Friendliness does not have to be spectacular. Praise, a compliment or a helping hand are simple but effective means. « Helping makes you happy, » says Borbonus. And a smile works wonders – « Many people smile back when you smile at them, » says Blum. This creates positive encounters and is infected. Even polite formulas such as « please » and « Thank you » are much more than phrases – they show appreciation and build trust.

7. Be binding:

« Bindingness forms the basis for trust, » explains René Borbonus. There are no good relationships without trust. The basic rule is simple: keep promise. It is not just about great commitments – also count small gestures of durability. « The importance of continuity is massively underestimated » – if you regularly show interest and keep in touch, you will be perceived as a reliable interlocutor.
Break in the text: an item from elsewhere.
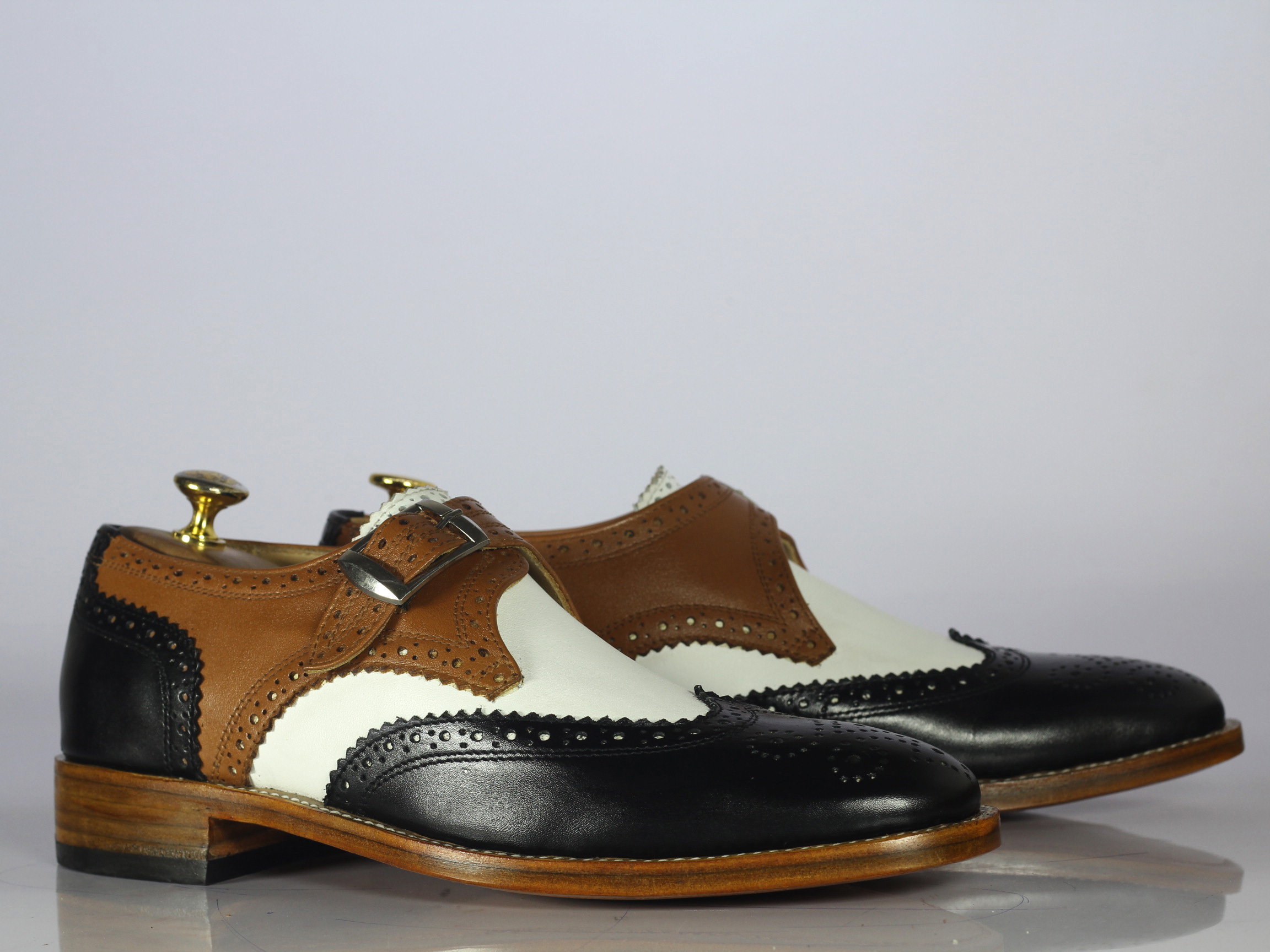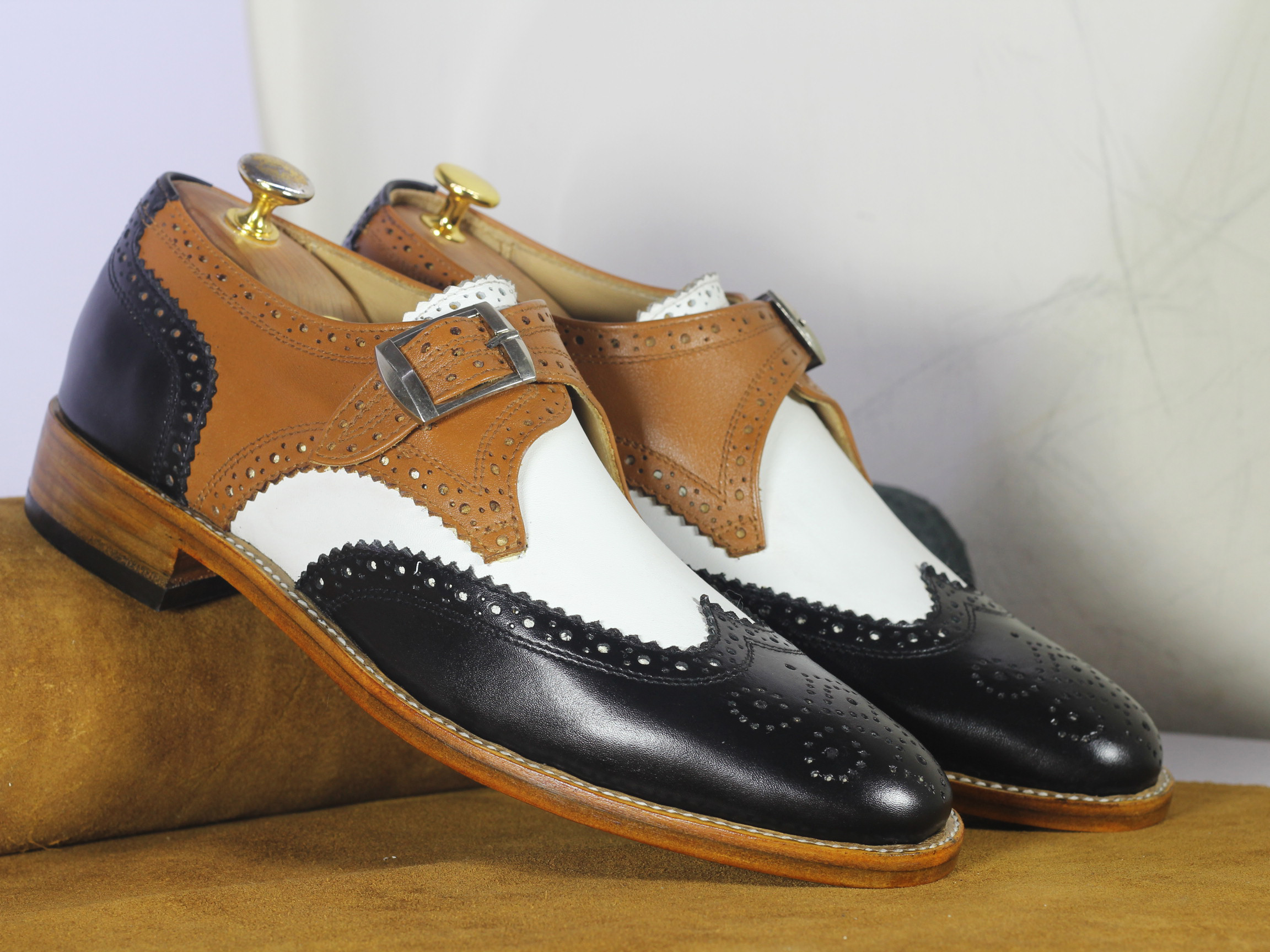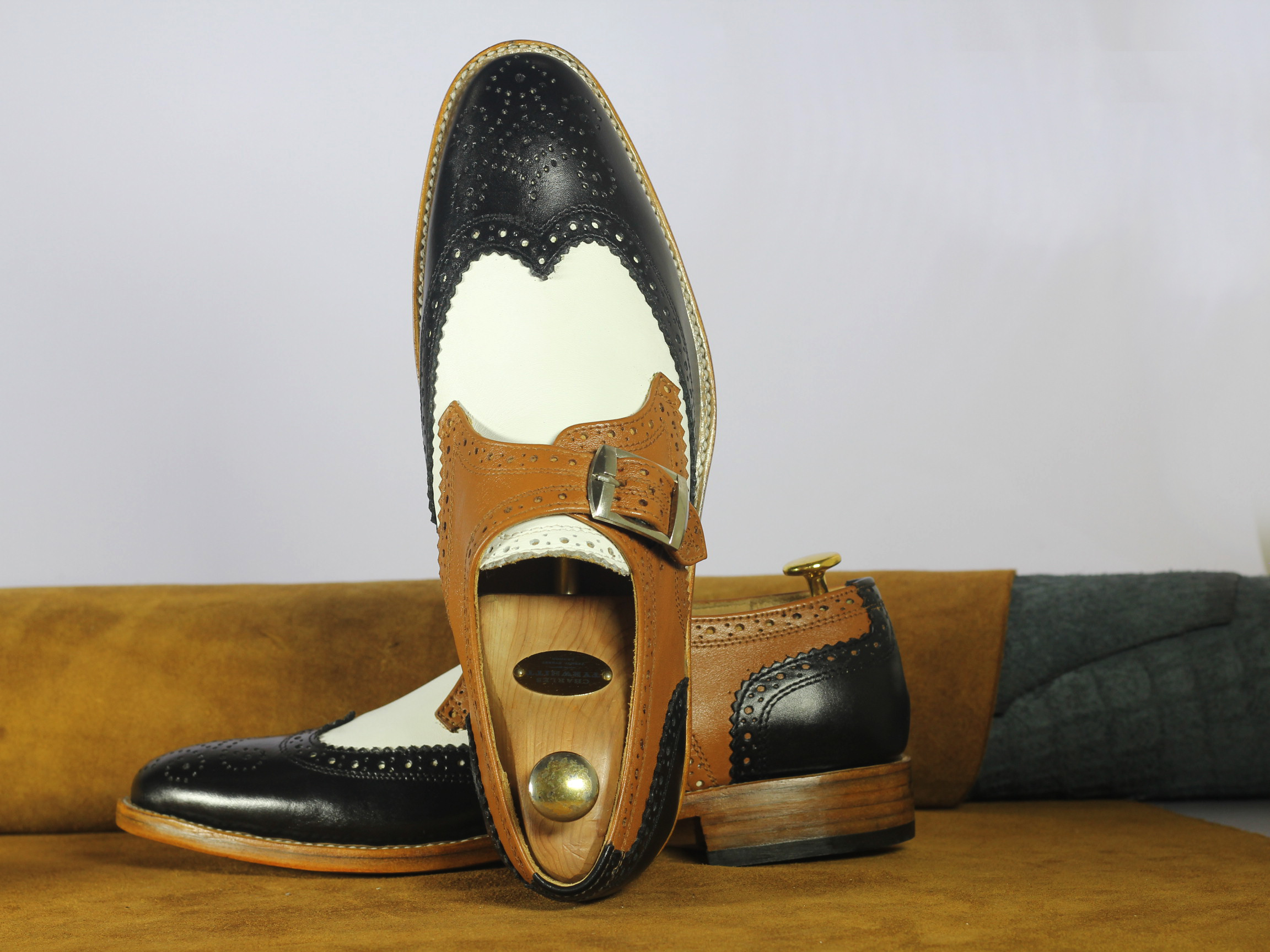 Handmade Multi Color Wing Tip Shoes Stylish Leather Monk Shoes For Men's

Those who put the smartphone out of their hands testify more respect and can better perceive the other. Photo: Christin Klose/dpa-tmn

Friendly? But definitely!

Friendliness only works if it comes out of inner strength – and not out of fear of rejection. « Friendliness is not a weakness, » says Nora Blum. But many incorrectly set them with compliance. « It is much friendlier to clearly pronounce your needs, to set limits and to be able to say no so that the other person does not grope in the dark. »

Especially in the world of work, the idea persists that success is only possible with hardness and assertiveness. « The old stereotype from the tough manager who has to extend the elbow is deep, » says Blum. But the reality shows that those who communicate friendly and stay consistent wins allies instead of opponents.